At the start of the FBI’s recent Central American Law Enforcement Exchange (CALEE) program, participants from U.S. police departments and their counterparts from Mexico, El Salvador, Honduras, Guatemala, Belize, and Panama were strangers, but they shared one thing in common: a commitment to make their communities safe from violent gangs such as MS-13 and 18th Street.
By the end of the three-week program, the men and women had overcome language barriers and become friends as well as partners—and they were armed with new resources to fight the transnational gang threat: a network of intelligence sharing, expanded contacts, and access to FBI-led task forces throughout Central America.
“There’s a synergy between the gangs that helps them grow and become stronger,” said Special Agent Jason Kaplan, the FBI’s legal attaché in El Salvador. “As law enforcement, we need to develop that same relationship with each other, because the gangs are doing it, and if we don’t we are going to fall behind.”
Video: Grant Mann of the FBI’s Safe Streets and Gangs Unit describes the Central American Law Enforcement Exchange.
CALEE was developed in 2009 with that spirit of collaboration and partnership in mind. This year’s group of nearly 40 participants traveled to Los Angeles and Houston before spending a final week in El Salvador, where the MS-13 and 18th Street gangs have grown powerful and extremely violent. In each venue, participants received training and information about different jurisdictions’ approaches to managing their gang threat.
The Central American Law Enforcement Exchange. This is a concept that has really been around for quite a while. The idea was to bring law enforcement officers working on transnational gang cases, bring them together so they can share ideas, share intelligence, and work towards finding better ways to go after these transnational gangs.

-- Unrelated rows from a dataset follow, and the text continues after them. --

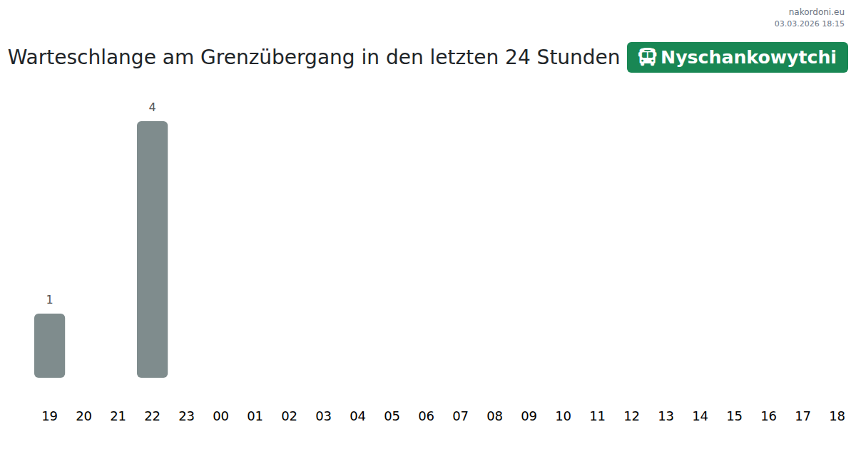 Planen Sie Ihre Reisen im Voraus und nutzen Sie aktuelle Informationen über die Warteschlangen an der Grenze am Grenzübergang Nyzhankovychi - Bus, um Ihren Grenzübertritt schnell und bequem zu gestalten. Achten Sie besonders auf diese Stunden, um Stoßzeiten zu vermeiden und die Wartezeiten zu verkürzen.
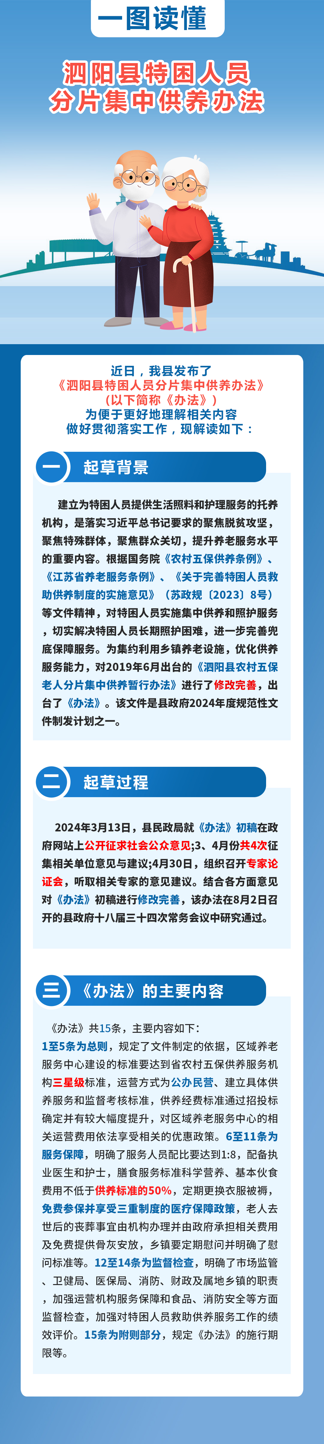 近日,我縣發布了《泗陽縣特困人員分片集中供養辦法》(以下簡稱《辦法》),為便于更好地理解相關內容,做好貫徹落實工作,現解讀如下:
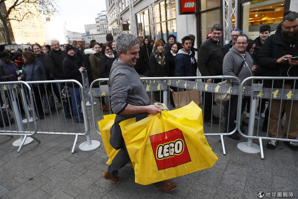 在倫敦的樂高旗艦店前,一名男子手提剛剛買的商品經過還在苦苦排隊的民眾。
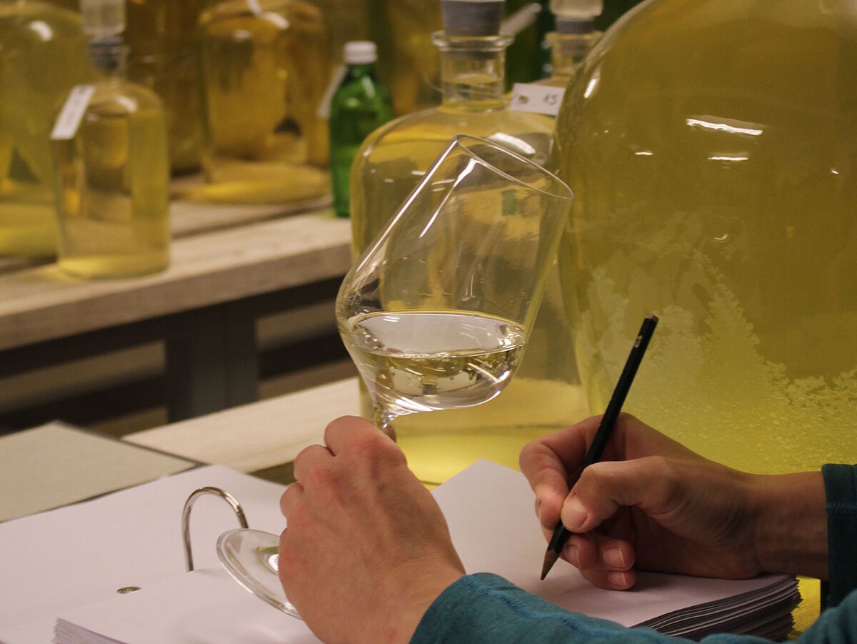 Hunderte von Weinen von 0,5 bis 100 Litern warten im Versuchsweinkeller Siebeldingen darauf, verkostet zu werden. Hört sich nach einem Traumjob an? „Nicht immer“, erklärt Anna Kicherer. „Denn nur ein kleiner Prozentsatz an Weine schafft es tatsächlich als neue Rebsorte auf den Markt zu kommen. Neben Resistenzen, weinbaulicher Eignung und Ertrag muss nämlich vor allem der Wein geschmacklich überzeugen! Man stellt sich den Job schon sehr traumhaft vor – täglich Weine verkosten und das in der Arbeitszeit – aber nicht alle Weine sind gut. Je nach Fragestellung und Projekt sind auch Weine dabei, die nicht so lecker schmecken…“
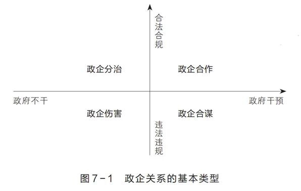 右上角是政企合作,表示政府深度干预企业的生产或经营活动,同时政府和企业的互动行为都符合法律法规;左上角是政企分治,表示政府和企业互不相干,各自守法,极端情况是政府“无为而治”;左下角是政企伤害,包括政府单方面伤害企业,企业单方面伤害政府,政府和企业相互伤害;右下角是政企合谋,表示政府深度干预企业的生产或经营活动,同时政府和企业之间通过违法或违规的方式进行利益交换。
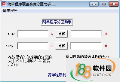 简单程序硬盘准确分区助手是一款非常实用的电脑分区辅助工具,工具为绿色版本,小巧易用,主要功能可帮助您来快速的来进行磁盘分区整数的计算,支持FAT32及NTFS磁盘格式的换算。
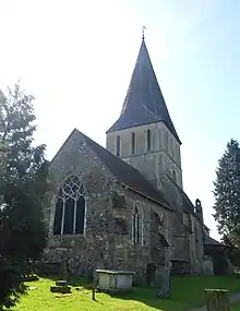 St James's church, Shere is largely 13th-century and may include Roman materials
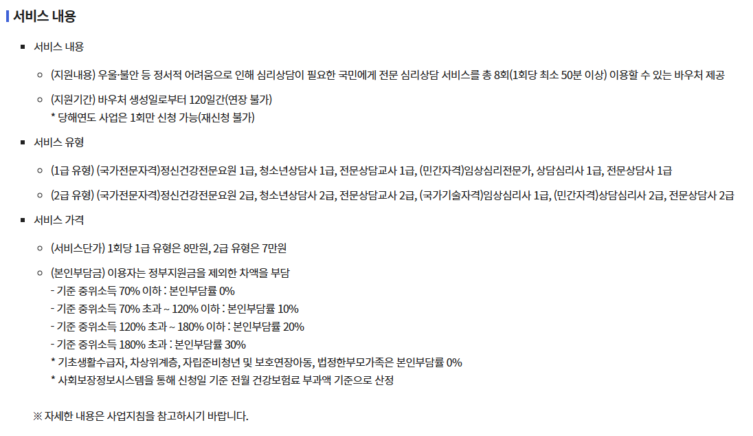 - 바우처 사용 기간은 발급 후 120일이며, 지정된 심리 상담 기관에서 이용 가능합니다.
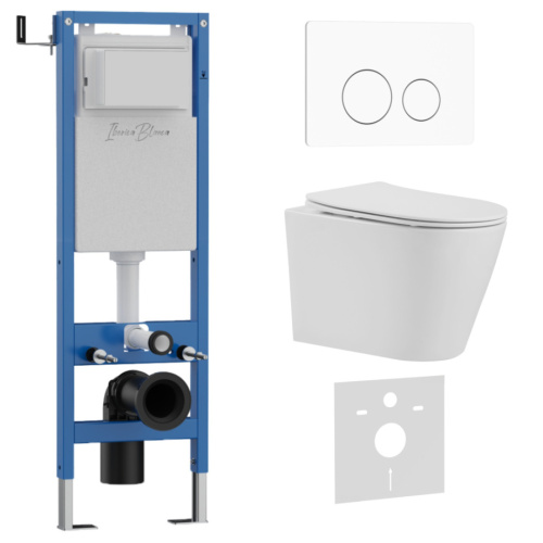 Комплект 3в1 IBERICA BLANCA инсталляция SILENCIO MINI, унитаз BURGOS ALTO белый, кнопка смыва INOX-O белый матовый (IB.001M.BRA.231.811)

In El Salvador, besides getting a first-hand look at gang neighborhoods and a prison whose inmates are exclusively violent gang members, participants were briefed on the latest cases and trends within the gangs. Many MS-13 and 18th Street leaders—some of whom are incarcerated—are located in Central America and order crimes to be committed in the United States.
CALEE participants also learned about the Transnational Anti-Gang Task Forces (TAGs), in which FBI agents are embedded with vetted Central American police officers to work cases and gather intelligence. Currently there are TAGs in El Salvador, Guatemala, and Honduras. They have been in existence for more than five years, and they are highly successful.
“Before the Transnational Anti-Gang Task Forces were set up,” Kaplan explained, “gang investigations in the United States that led to subjects in these countries often came to a dead end. There was no mechanism for us to really further those investigations.” Since the TAGs were established, he said, “we now have a liaison here, a resource for investigators in the United States. When they get to that point where they realize that one of their principal subjects is located in Central America, they now have resources where they can go to further that investigation. Similarly, the countries of El Salvador, Guatemala, and Honduras can do the same.”
Kaplan added that intelligence gathered by the TAGs has stopped crimes—including murders—from taking place. “Dozens of lives, possibly hundreds, have been saved since the establishment of the anti-gang task forces.”
“Certainly the value of the TAGs can’t be understated,” noted Special Agent Grant Mann, who works in the Safe Streets and Gang Unit at FBI Headquarters in Washington, D.C. and helped organize this year’s CALEE program. “One of our main goals for the group in El Salvador was to fully expose participants to what the FBI has here by way of resources.”
Mann’s unit also administers the FBI’s Safe Streets Violent Crime Initiative. Established in 1992, the program is designed to bring local, state, and federal law enforcement together in their U.S. communities to fight gang-related crime. Today there are 164 Safe Streets Task Forces throughout the country, and U.S. CALEE participants are drawn from the ranks of Safe Streets Task Force officers.
“The Safe Streets model combines the strengths of all these different agencies and all of our FBI resources,” Mann said. “The goal is to make everyone’s community safer. Our efforts with the TAGs and our international partners are an extension of that goal, because there is no doubt that the gang problems in El Salvador have an impact on gang crime in the U.S.”
Speaking of the cooperative efforts between the U.S. and El Salvador to fight the MS-13 and 18th Street gangs, El Salvador’s Attorney General Luis Martinez noted, “There is something very important that both countries are aware of: that we share the same serious problem and that we have to work jointly in order to find resolutions. That is why an event like CALEE 2015 is very important,” he said. “This training will be very valuable for every single participant here.”